Хронологически события происходили в следующем порядке. Первым, то есть 26 ноября, из Константинополя в бухту Которскую прибыл американский миноносец № 206, на котором было всего 38 русских. Отношение командира миноносца и всей команды к пассажирам было исключительно хорошее, предупредительное и сердечное. Кормили отлично. Публике были предоставлены все удобства, какие только можно было дать в плавании. Мы знали это от семьи генерала Стремоухова, следовавшей на этом миноносце. Вера Николаевна Стремоухова, супруга генерала, отлично говорит по-английски и много беседовала с командиром миноносца. Она восторженно вспоминает этого культурного и благородного человека и говорила нам, что это не первая ее встреча во время катастрофы с американцами. В Константинополе, разыскивая мужа, она очутилась на борту военного американского судна, и там тоже американцы были в высшей степени предупредительны. Она помнит, как, несколько растерявшись, она хотела обратиться к командиру крейсера, но последний предупредил ее и, идя ей навстречу, сказал: «Я рад видеть вас на борту своего корабля, чем могу служить?»

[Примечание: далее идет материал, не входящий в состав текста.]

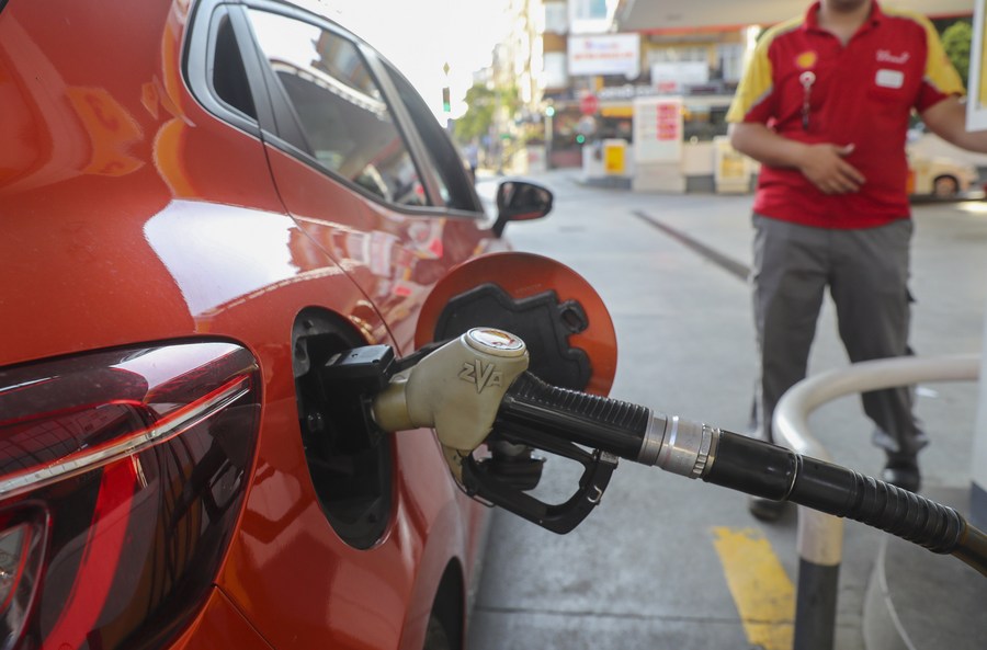 Veículo é abastecido em um posto de gasolina em Istambul, Turquia, no dia 11 de junho de 2022. Os consumidores turcos no sábado foram atingidos pela terceira rodada de aumento do preço do combustível em uma semana, pois uma moeda turca volátil afetou a economia, que depende em grande parte das importações. (Foto por Unal Cam/Xinhua)
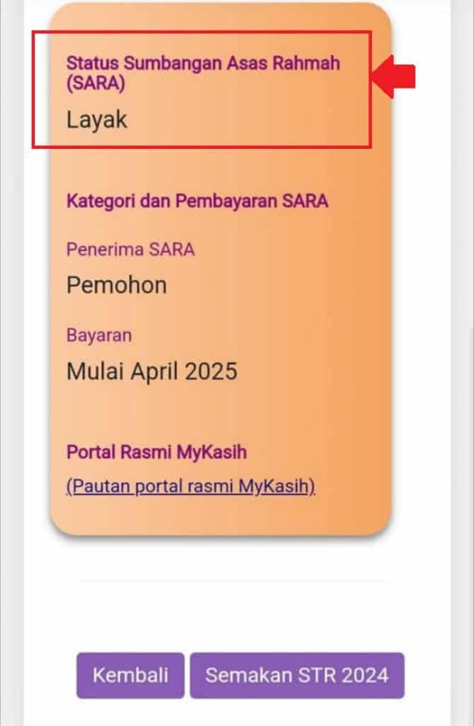 Selain membuat semakan di portal MyKasih, anda boleh semak status SARA anda di website Bantuan Hasil @ Sumbangan Tunai Rahmah 2025.

Миноносец прибыл в Которо раньше, чем из Белграда было дано знать о Крымской катастрофе и направлении беженцев в Сербию. Тотчас же, не выжидая распоряжений из Белграда, сербские власти совместно с местным сербским обществом и русскими беженцами прошлогодней эвакуации по собственной инициативе начали устраивать питательный пункт и подготавливать помещение для лазарета. Во главе этих организаций стали m-m-me Киклич с мужем - начальником местной бригады (полковник Киклич, серб, женат на дочери какого-то русского профессора), m-me Туманович, урожденная Апухтина, вышедшая замуж за сербского офицера, m-me Санников,m-me Камненович и др.
Работа шла дружно, говорила нам Вера Николаевна, которая с первого же дня начала работать на питательном пункте. Дамы не гнушались грязной работы и даже сами мыли полы. Мужчины приготовляли кухни и исполняли тяжелую работу. Г. Киклич и сербский военный врач Хорлай, как истые друзья России, говорят, отдались всей душой делу помощи русским, так что впоследствии г. Кикличу был преподнесен адрес от беженцев.
Почти тотчас в Которо прибыл французский пароход «Сюже», переполненный сверху всякой нормы крымскими беженцами. На нем свирепствовал тиф, и потому пароход, не разгружаясь, был поставлен в карантин. С берега было видно, что «Сюже» как мухами облеплен людьми, и, конечно, чувствовалось, что там настоящий ад, но помочь им было невозможно. Продовольствие на пароход подавалось с берега, и это все, что возможно было сделать.
Спустя несколько дней в бухту вошел американский пароход «Истрим-Виктор» («Эспир»), снявший в константинопольском рейде с парохода Рион свыше 1400 беженцев. Этот пароход принадлежал американскому миллиардеру, везшему в Севастополь рельсы и паровозные части для армии г. Врангеля. Вся команда на пароходе была американская. По общему отзыву, отношение владельца корабля и команды было исключительно хорошее. На пароходе находилось более 10 беременных женщин. Им и детям тотчас же было отведено лучшее помещение на кормовой части и предоставлены все возможные удобства, до ванны включительно. Кормили американцы за свой счет сытно и отлично. На пароходе не было ни одного голодающего. Всем была дана возможность умыться, почиститься, переодеться. Неимущим американцы выдавали белье, мыло и вообще помогали чем можно. У них был свой врач, американец, который вникал во все мелочи корабельной жизни и приходил на помощь там, где это было нужно.
В результате пароход прибыл в Которо благополучно, и на нем почти не было больных. Одна из женщин родила в пути, окруженная всеми заботами, а другая (жена полковника Чернова, с которой мы познакомились потом в Загребе) родила тотчас по вступлении на берег. После «Истрим-Виктора» в Которо прибыл переполненный беженцами французский пароход «Сиам», и с этого дня начались тяжелые испытания для русских беженцев. На «Сиаме» был тиф во всех его видах, оспа и другие болезни. В сущности говоря, на нем почти все были больные. Тиф продолжался более месяца, и потому пароход не разгружался, а стоял в море, выдерживая карантин. Немытые, грязные, покрытые вшами, валяясь вповалку в трюмах, на палубе под открытым небом, больные и здоровые вместе, не сменяя белья больше месяца, полуголодные, эти несчастные люди переживали невероятные муки.